Trump’s immigration U-turn shows he’s no Hitler, but solving the problem requires more than sympathy for asylum seekers

Niall Ferguson says that neither the US nor the EU can realistically absorb all the migrants who would move there if they could, and a legal solution is required

I am an immigrant – a legal one. Over 16 years, I've gone through a succession of work visas, acquired a green card, married an American citizen (herself an immigrant), passed the citizenship test and will very soon take the naturalisation oath, accompanied by my wife and our two American-born sons.
Since 2002, I and members of my family have entered the United States umpteen times. Occasionally, those crossings have been fraught. Once, before she got her green card, my British-born daughter was held up by immigration officers, who doubted that she was visiting her father.
So I can understand the moral outrage over the separation of asylum-seeking parents from their children at the US-Mexican border.
I can sympathise, too, with the parents, most of whom are from poor and violent Central American countries. My wife was once an asylum seeker from a poor and violent country. Her main motive for leaving Somalia for Holland (via Kenya and Germany) was to avoid an arranged marriage to a man she scarcely knew.
Displaced Somali girls who fled the drought in southern Somalia stand in a queue to receive food handouts at a centre in Mogadishu, in February 2017. Photo: AP
Knowing this was not a sufficient reason to be granted asylum, she emphasised the civil war in her country. Today's asylum seekers from Honduras and Guatemala also know to talk about the violence they are fleeing.
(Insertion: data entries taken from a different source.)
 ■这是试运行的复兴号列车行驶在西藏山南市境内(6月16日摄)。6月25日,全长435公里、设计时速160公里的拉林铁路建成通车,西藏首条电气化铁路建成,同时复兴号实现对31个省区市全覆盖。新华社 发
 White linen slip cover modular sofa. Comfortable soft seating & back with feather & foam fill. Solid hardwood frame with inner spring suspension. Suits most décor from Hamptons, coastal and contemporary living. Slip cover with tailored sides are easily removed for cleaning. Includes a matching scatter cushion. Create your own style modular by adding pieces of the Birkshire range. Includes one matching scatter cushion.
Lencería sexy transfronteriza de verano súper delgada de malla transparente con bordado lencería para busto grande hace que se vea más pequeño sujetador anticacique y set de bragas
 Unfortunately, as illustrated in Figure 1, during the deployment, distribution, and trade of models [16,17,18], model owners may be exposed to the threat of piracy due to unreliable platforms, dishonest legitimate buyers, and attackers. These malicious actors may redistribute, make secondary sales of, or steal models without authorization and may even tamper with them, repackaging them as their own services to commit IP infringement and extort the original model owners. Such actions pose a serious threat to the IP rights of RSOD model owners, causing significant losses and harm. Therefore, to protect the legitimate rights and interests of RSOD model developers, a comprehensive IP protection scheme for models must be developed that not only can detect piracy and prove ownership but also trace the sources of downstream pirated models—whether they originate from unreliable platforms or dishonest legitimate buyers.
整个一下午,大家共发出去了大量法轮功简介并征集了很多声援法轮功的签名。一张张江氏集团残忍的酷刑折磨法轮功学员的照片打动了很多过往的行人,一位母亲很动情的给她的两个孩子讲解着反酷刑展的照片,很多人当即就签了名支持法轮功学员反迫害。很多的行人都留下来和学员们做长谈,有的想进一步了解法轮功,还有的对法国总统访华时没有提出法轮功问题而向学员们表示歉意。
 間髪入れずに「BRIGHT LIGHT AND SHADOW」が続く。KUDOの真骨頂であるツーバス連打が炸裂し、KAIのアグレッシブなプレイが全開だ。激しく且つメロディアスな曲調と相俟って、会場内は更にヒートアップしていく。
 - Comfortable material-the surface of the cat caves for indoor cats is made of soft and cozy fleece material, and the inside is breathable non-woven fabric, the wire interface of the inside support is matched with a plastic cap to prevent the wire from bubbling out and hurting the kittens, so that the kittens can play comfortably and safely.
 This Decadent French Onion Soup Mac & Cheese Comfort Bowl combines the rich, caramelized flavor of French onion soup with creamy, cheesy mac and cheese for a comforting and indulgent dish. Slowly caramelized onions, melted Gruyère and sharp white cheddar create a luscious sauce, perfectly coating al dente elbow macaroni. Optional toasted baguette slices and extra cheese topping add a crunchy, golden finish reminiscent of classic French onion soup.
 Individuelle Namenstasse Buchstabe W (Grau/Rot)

This has been easier since 2009, when the courts started accepting that victims of domestic violence were entitled to asylum.

To those of you contentedly living in the country where you were born, I address a plea for empathy and also realism. A world without cross-border migration would be a poorer world. This Scotsman would never have met a Dutch-speaking Somali, and their two delightful sons would not exist. Nor would we have paid all those taxes to the US Treasury.
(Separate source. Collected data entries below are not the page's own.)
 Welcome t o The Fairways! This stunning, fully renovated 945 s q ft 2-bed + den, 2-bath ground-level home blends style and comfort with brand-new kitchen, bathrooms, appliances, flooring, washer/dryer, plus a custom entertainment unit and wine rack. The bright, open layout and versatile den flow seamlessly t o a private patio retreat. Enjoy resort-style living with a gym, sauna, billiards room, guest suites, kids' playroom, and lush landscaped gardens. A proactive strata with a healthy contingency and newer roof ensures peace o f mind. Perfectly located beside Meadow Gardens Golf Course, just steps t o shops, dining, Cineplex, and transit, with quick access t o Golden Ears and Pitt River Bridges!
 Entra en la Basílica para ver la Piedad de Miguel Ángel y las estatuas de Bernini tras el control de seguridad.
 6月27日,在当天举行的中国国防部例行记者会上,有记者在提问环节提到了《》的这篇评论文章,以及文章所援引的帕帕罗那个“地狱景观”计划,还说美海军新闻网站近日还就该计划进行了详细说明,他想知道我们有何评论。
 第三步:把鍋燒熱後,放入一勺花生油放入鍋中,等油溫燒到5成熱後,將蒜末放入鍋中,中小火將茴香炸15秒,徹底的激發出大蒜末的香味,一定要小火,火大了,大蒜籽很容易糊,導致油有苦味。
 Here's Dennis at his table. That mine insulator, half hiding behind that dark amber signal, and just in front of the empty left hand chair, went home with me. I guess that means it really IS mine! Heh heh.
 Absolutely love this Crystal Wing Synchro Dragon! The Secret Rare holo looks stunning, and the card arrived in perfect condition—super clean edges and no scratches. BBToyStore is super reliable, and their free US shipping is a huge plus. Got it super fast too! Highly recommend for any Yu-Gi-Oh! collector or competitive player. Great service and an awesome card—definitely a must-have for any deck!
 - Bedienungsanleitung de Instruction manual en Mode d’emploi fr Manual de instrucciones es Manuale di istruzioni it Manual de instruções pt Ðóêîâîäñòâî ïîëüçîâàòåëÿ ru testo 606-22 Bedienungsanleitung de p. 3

So the question is not whether to stop migration but how to manage it. From those of you who regard any regulation of immigration as somehow unjust, I plead for rationality. Wholly open borders are not a sane option for any country. And comparing today's US government to the Nazis is preposterous.
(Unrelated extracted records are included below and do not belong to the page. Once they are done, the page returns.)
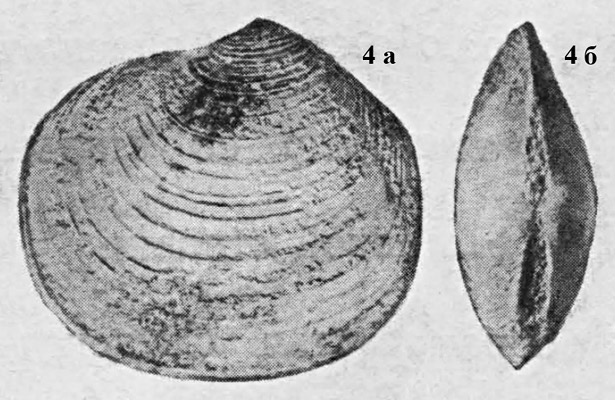Раковина ("типичной разновидности" по П. А. Герасимову). 4 a - вид со стороны левой створки; 4 б - вид сверху.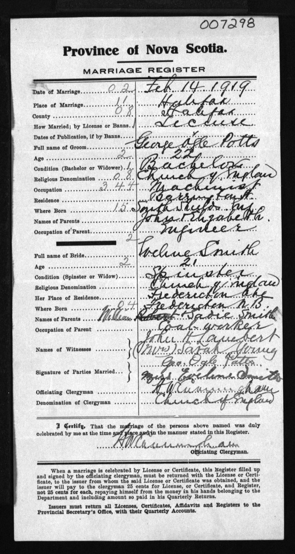 Registration: Year: 1919 number: 7298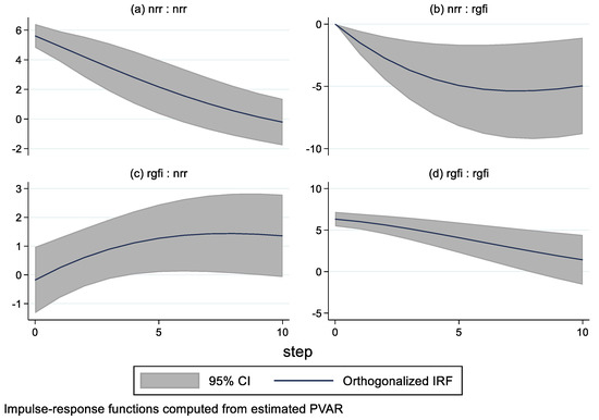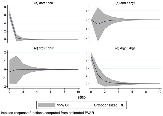 Before we estimated panel VAR, we tested for the unit root to check each variable in the time-series VAR for stationarity. The unit root test is relevant in linear dynamic panel model estimation using the generalized method of moments (GMM)—a generic method for estimating parameters in statistical models. If the variable is close to the unit root, the GMM estimators experience a weak instrument problem, and GMM inferences are misleading [39]. The Im–Pesaran–Shin unit-root test was applied to the variables, and the null hypothesis that there were unit roots was not rejected. After taking the first difference, the first difference of nrr and rgfi, namely dnrr and drgfi, became stationary with and without a trend. We also identified the appropriate lag order using the lag selection criterion (Appendix A, Table A1). The appropriate lag order within a panel VAR was the one with the smallest statistic values for the MBIC, MAIC, and MQIC [40,41]. In our estimations, the MBIC, MAIC, and MQIC were smaller at lag order 1. As a robustness check, we checked the eigenvalue stability condition. All the eigenvalues were inside the unit circle, confirming that the estimated panel VAR was stable (Appendix A, Figure A1).

Watch: Trump signs order to stop migrant family separation

No, Donald Trump is not Adolf Hitler, any more than Melania is Mussolini. Hitler was not the kind of leader who performed a U-turn after a week of bad press. Melania's coat, with its tone-deaf message, was a green parka, not a brown shirt.

“We're going to have strong – very strong – borders, but we are going to keep the families together,” Trump said as he made his U-turn.

“The dilemma is that if you're weak … really pathetically weak, the country's going to be overrun with millions of people,” the president added. “And if you're strong, then you don't have any heart. That's a tough dilemma. Perhaps I'd rather be strong.”

No, I can't imagine the Fuhrer saying any of that, especially not the “perhaps”. This debacle, the political equivalent of Argentina's World Cup campaign, is the result of folly more than evil.

The problem of what exactly to do with asylum-seeking families goes back about two decades. In 1997, a consent decree was issued, known as the Flores settlement, prohibiting the US immigration authorities from keeping children in detention – even with their parents – for more than 20 days. As it takes up to 50 times longer to adjudicate asylum applications, the authorities either let the families go (mostly into the invisible army of the undocumented) or they try to separate parents from children.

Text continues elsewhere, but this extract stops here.